By studying both the horizontal and vertical components of the remnant magnetism, one can tell not only the direction to magnetic north at the time of the rock’s formation, but also the latitude where the rock formed relative to magnetic north. Remember that the vertical component of the magnetic field points more sharply downward the closer it is to the magnetic north pole. Figure 4.9 shows the vertical component of remnant magnetism in a sequence of rocks. Notice that the arrow starts out at 500 Ma pointing slightly upward. This means that the rocks were in the southern hemisphere. As the rocks get younger, the arrow tilts toward horizontal, and then points downward. This indicates that the rocks were getting progressively closer to the north magnetic pole.
Apparent Polar Wandering Paths
In the early 1950s, a group of geologists from Cambridge University, including Keith Runcorn, Ted Irving, and several others, started looking at the remnant magnetism of Phanerozoic British and European volcanic rocks, and collecting paleomagnetic data. Using an analysis similar to that in Figure 4.9, they noticed that rocks of different ages sampled from the same general area showed very different magnetic pole positions (the green line in Figure 4.10). They assumed this meant that Earth’s magnetic pole had moved around significantly over time along polar wandering paths, rather than staying close to the geographic north pole as it does today. At the time, geophysical models suggested that the magnetic poles did not need to be aligned with the rotational poles, so this wasn’t an unreasonable conclusion, given what was known.
Runcorn and colleagues extended their paleomagnetic studies to North America, and began to realize that their initial conclusion had a problem. Notice that on the right of Figure 4.10 the polar wandering path for North America (in red) does not match the path for Eurasia (in green). For example, data from North America suggest that 200 Ma ago, magnetic north was somewhere in China, whereas data from Europe said it was in the Pacific Ocean. There could only have been one magnetic north pole position at 200 Ma, therefore the only way to explain the discrepancy was if Europe and North America moved along different paths during this time while the pole stayed in more or less the same location.

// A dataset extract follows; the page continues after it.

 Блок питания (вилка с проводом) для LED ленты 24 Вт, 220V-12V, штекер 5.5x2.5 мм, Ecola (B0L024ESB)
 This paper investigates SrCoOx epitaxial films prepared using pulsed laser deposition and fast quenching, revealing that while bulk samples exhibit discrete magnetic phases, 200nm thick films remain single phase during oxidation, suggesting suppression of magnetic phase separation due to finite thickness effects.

The polar wandering paths were not actually records of the pole moving, they just looked that way, so the paths are now referred to as apparent polar wandering paths (APWP). Subsequent paleomagnetic work showed that unique apparent polar wandering paths can be derived from rocks in South America, Africa, India, and Australia. In 1956, Runcorn became a proponent of continental drift. There was simply no other way to explain the data.
This paleomagnetic work of the 1950s was the first new evidence in favour of continental drift, and it led a number of geologists to start thinking that the idea might have some merit. Nevertheless, for a majority of geologists, this type of evidence was not sufficiently convincing to get them to change their views.

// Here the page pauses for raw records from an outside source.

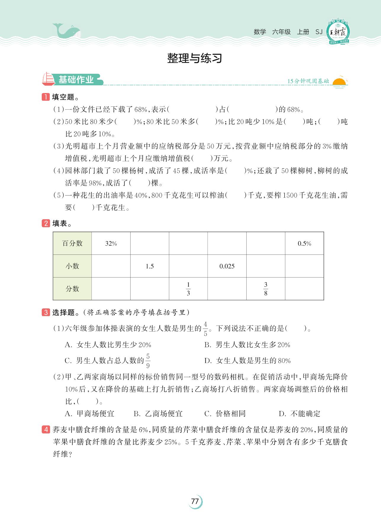 2023上册六年级数学苏教版 第六单元 百分数——整理与练习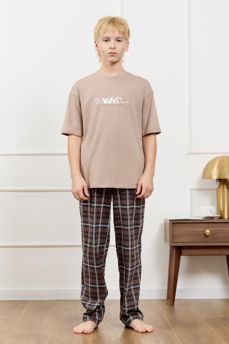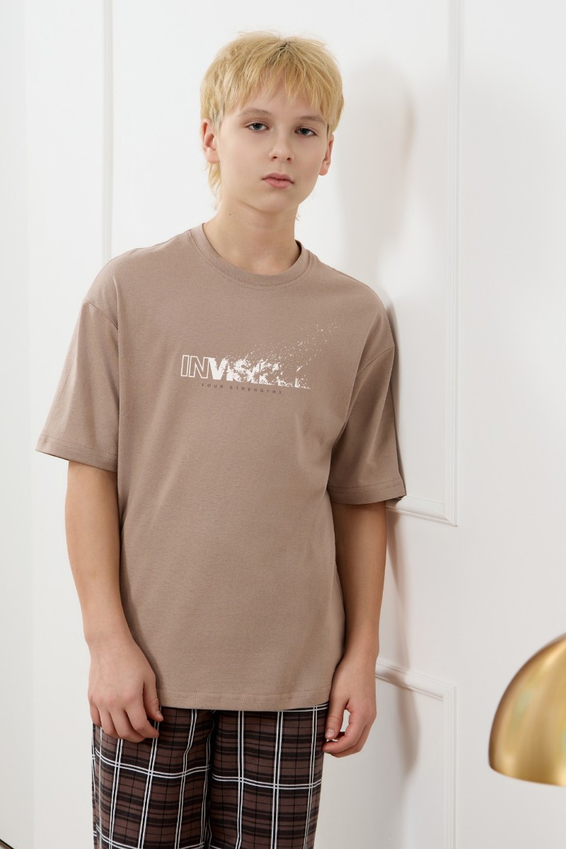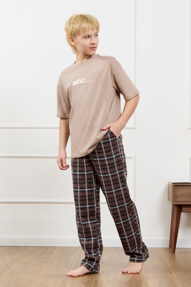 Костюм двойка детский "Браун-1" кулирка (р-ры: 140-170) бежевый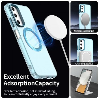 Pouzdro Techsuit CandyCase MagSafe pro Samsung Galaxy A05s v modré barvě se vyznačuje elegantním a minimalistickým designem. Je vyrobeno z průsvitného, lehce namodralého materiálu, který nechává vyniknout původní krásu vašeho telefonu a zároveň mu dodává svěží nádech. Materiál je příjemný na dotek a zajišťuje pevný úchop, čímž minimalizuje riziko vyklouznutí telefonu z ruky.

Ocean Basin Geology and Geography
During the 20th century, our knowledge and understanding of the ocean basins and their geology increased dramatically. Before 1900 we knew virtually nothing about the bathymetry (the hills and valleys of the ocean floor) and geology of the oceans. By the end of the 1960s, we had detailed maps of the topography of the ocean floors, a clear picture of the geology of ocean floor sediments and the solid rocks beneath them, and almost as much information about the geophysical nature of ocean rocks as of continental rocks.
Acoustic Depth Sounding
Up until the 1920s, ocean depths were measured using weighted lines dropped overboard. In deep water this is a painfully slow process and the number of soundings in the deep oceans was probably fewer than 1,000. That is roughly one depth sounding for every 350,000 square kilometres of the ocean. To put that in perspective, it would be like trying to describe the topography of British Columbia with elevation data for only a half a dozen points!
The voyage of the Challenger in 1872 and the laying of trans-Atlantic cables had shown that there were mountains beneath the seas, but most geologists and oceanographers still believed that the oceans were essentially vast basins with flat bottoms, filled with thousands of metres of sediments.

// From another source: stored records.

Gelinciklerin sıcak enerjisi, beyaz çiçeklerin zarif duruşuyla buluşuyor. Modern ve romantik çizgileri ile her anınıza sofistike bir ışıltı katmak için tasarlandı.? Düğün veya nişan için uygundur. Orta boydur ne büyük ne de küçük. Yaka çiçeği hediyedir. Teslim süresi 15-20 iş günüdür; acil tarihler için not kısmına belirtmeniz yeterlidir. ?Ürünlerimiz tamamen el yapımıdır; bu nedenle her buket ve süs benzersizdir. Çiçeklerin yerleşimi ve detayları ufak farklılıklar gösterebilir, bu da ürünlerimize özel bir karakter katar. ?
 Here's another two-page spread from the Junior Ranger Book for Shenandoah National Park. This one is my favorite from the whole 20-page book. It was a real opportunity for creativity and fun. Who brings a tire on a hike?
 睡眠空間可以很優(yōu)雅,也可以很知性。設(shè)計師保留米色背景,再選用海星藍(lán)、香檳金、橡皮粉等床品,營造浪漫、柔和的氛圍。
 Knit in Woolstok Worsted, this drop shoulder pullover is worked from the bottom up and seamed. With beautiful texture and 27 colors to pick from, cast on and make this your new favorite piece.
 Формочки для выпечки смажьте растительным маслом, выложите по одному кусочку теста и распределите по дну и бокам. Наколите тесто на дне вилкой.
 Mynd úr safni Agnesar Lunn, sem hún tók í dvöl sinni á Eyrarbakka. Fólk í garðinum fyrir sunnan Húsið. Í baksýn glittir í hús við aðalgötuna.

Following development of acoustic depth sounders (Figure 4.11) in the 1920s, the number of depth readings increased by many orders of magnitude, and by the 1930s there was no doubt that major mountain chains ran through all of the world’s oceans. During and after World War II, there was a well-organized campaign to study the oceans, and by 1959, sufficient bathymetric data had been collected to produce detailed maps of all the oceans (Figure 4.12).
The important physical features of the ocean floor are:
- Extensive linear ridges (commonly in the central parts of the oceans) at depths of 2,000 to 3,000 m (Figure 4.12, a)
- Fracture zones perpendicular to the ridges (Figure 4.12, a)
- Deep-ocean plains at depths of 4,000 to 5,000 m (Figure 4.12, a and d)
- Relatively flat and shallow continental shelves with depths under 500 m (Figure 4.12, b)
- Deep trenches (up to 11,000 m deep), most near the continents (Figure 4.12, c)
- Seamounts and chains of seamounts (Figure 4.12, d)
Seismic Reflection Sounding
Seismic reflection sounding involves transmitting high-energy sound bursts and then measuring the echoes with a series of receivers called geophones towed behind a ship. The technique is related to acoustic sounding as described above, however, much more energy is transmitted and the sophistication of the data processing is much greater. As the technique evolved, and the amount of energy was increased, it became possible to see through the sea-floor sediments and map the bedrock topography and crustal thickness. This allowed sediment thicknesses to be mapped (Figure 4.13).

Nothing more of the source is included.